The art is now the dominant focus, while the garden plays the supporting role.

The unique beauty of Meijer Gardens, and apparently Fred and Lena’s influence upon it, is that it doesn’t choose between the two. Instead, it is a harmonious marriage of both garden and sculpture park, coexisting wonderfully across 132 inviting acres.


Con Artist Crew Present: COMMIX
Urban Institute for Contemporary Arts (UICA)
Through Aug. 17, 2014, (616) 454-7000

COMMIX is a multidisciplinary exhibition featuring contemporary street art and graphics, comprising a national network of artists and organized by the regional gallery group Con Artist Crew. Experience artwork from working artist that are redefining collaboration, entrepreneurship and regional identity.
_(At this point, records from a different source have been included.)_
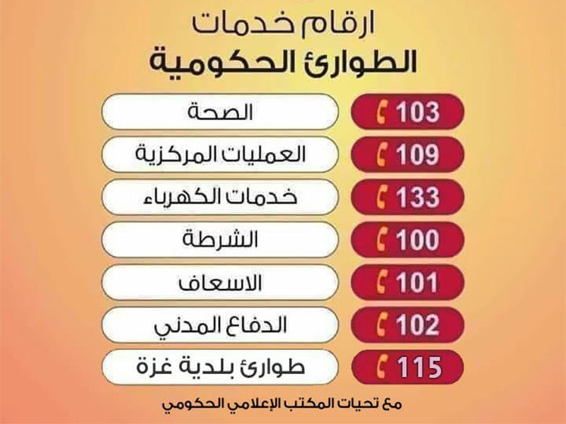 غزة: نشر المكتب الإعلامي الحكومي في قطاع غزة، أرقام الطوارئ للمواطنين.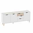 Комод «Соната» — это стильное и функциональное решение для хранения вещей. Он изготовлен из качественных материалов и имеет декор в скандинавском стиле. Благодаря чистым линиям корпуса, белым фасадам и высоким стильным опорам из массива берёзы, комод гармонично впишется в любой интерьер.
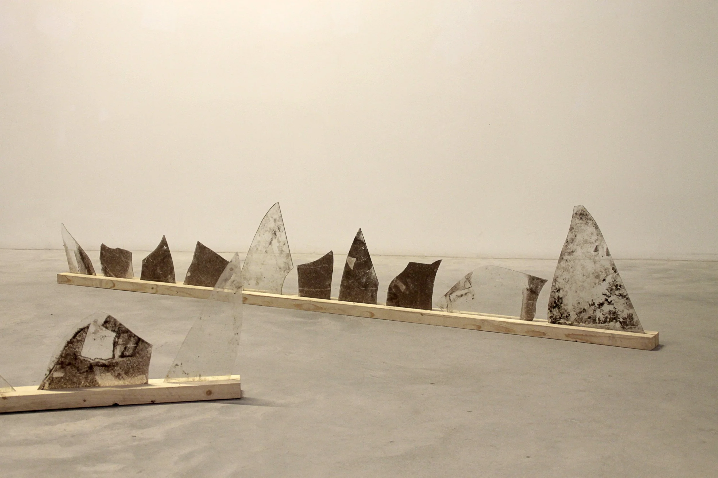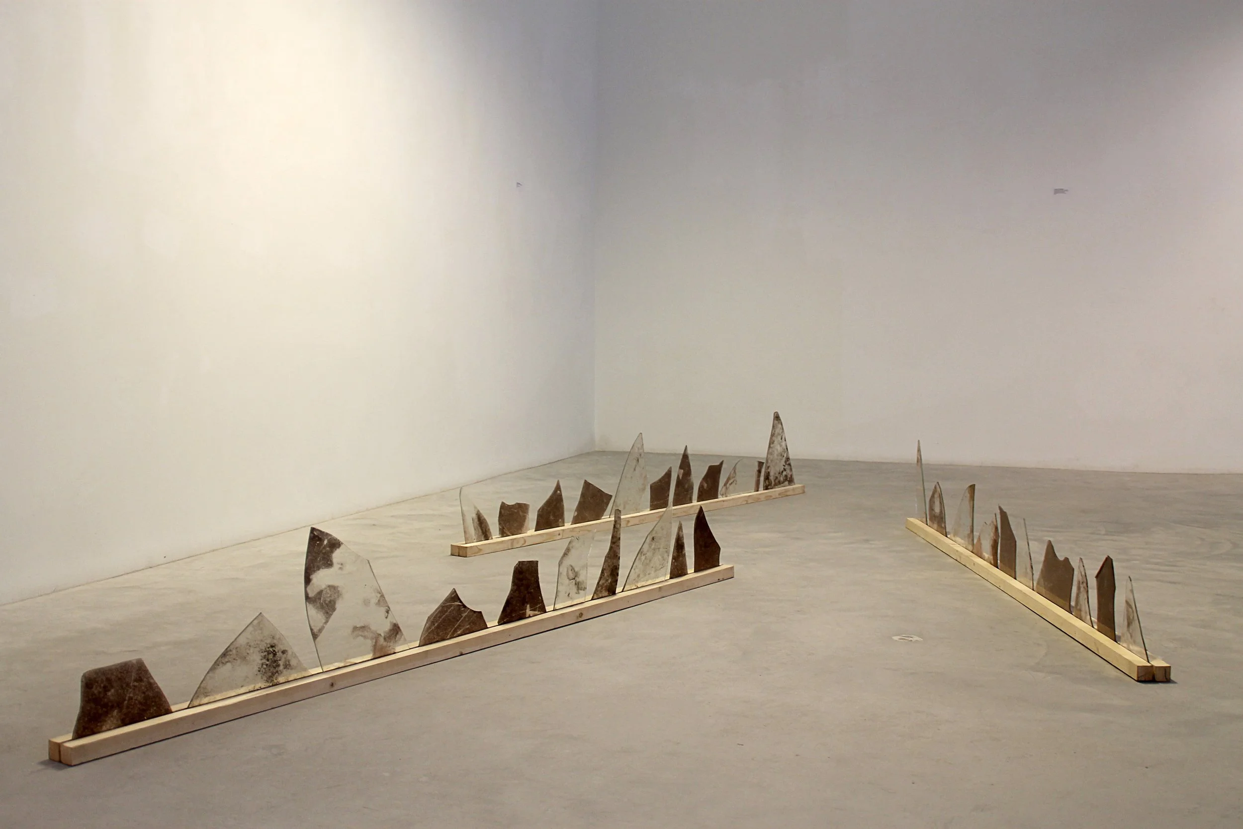 Paisajes del fracaso – madera y vidrio recuperado / 3 uds. de 8 x 200 x 35 cm c/u / conjunto: dimensiones variables / 2016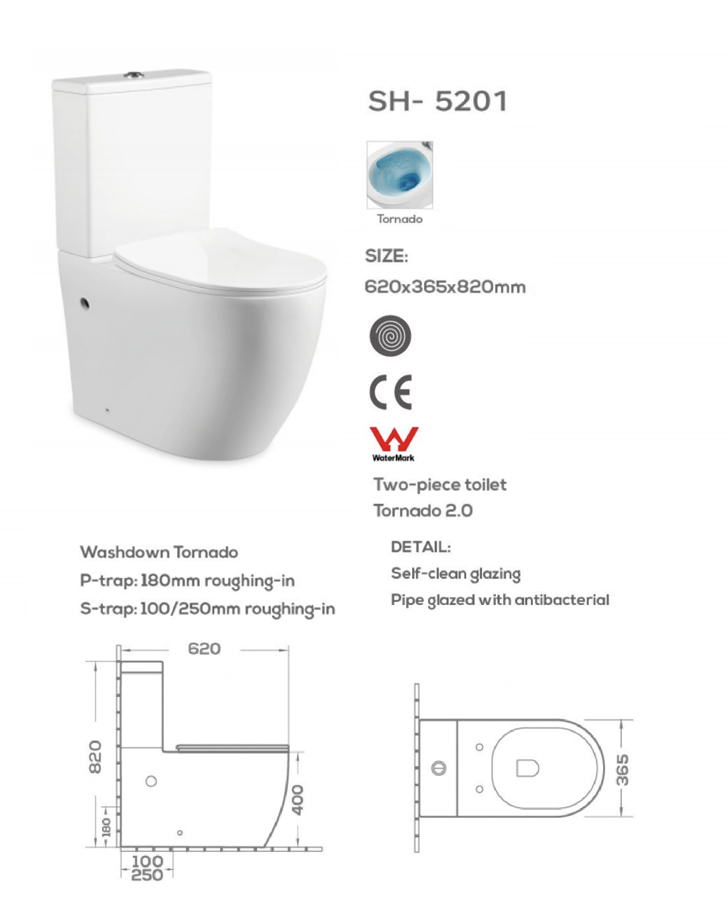 Wholesale Two-Piece Tornado Flush Toilet SH-5201 – CE & WaterMark certified

Preliminary Study: RSI-T (part 2) curated by Naomi Lev
Fire Barn Gallery and collaborative locations
Through July, 2014
Panel discussion at LaFontsee Gallery on July 2, 7:30 p.m., (917) 572-0175

Presented by Chris Protas and the Fire Barn Gallery (Grand Haven), in collaboration with the Muskegon Museum of Art, LaFontsee Gallery and Richard App Gallery, this exhibition explores the outcomes from excessive use of technology. Panel discussion includes Naomi Lev, an independent curator from Tel Aviv now living and working in New York City.

Lakeshore Art Festival
Downtown Muskegon
July 4 & 5 (231) 722-3751

The Lakeshore Art Festival features a unique blend of arts, crafts, music, food and fun along the shoreline in historic Downtown Muskegon. This year's event will feature nearly 250 fine art, craft and artisan food market exhibitors. The event will include children’s activities, street performers, and a community canvas.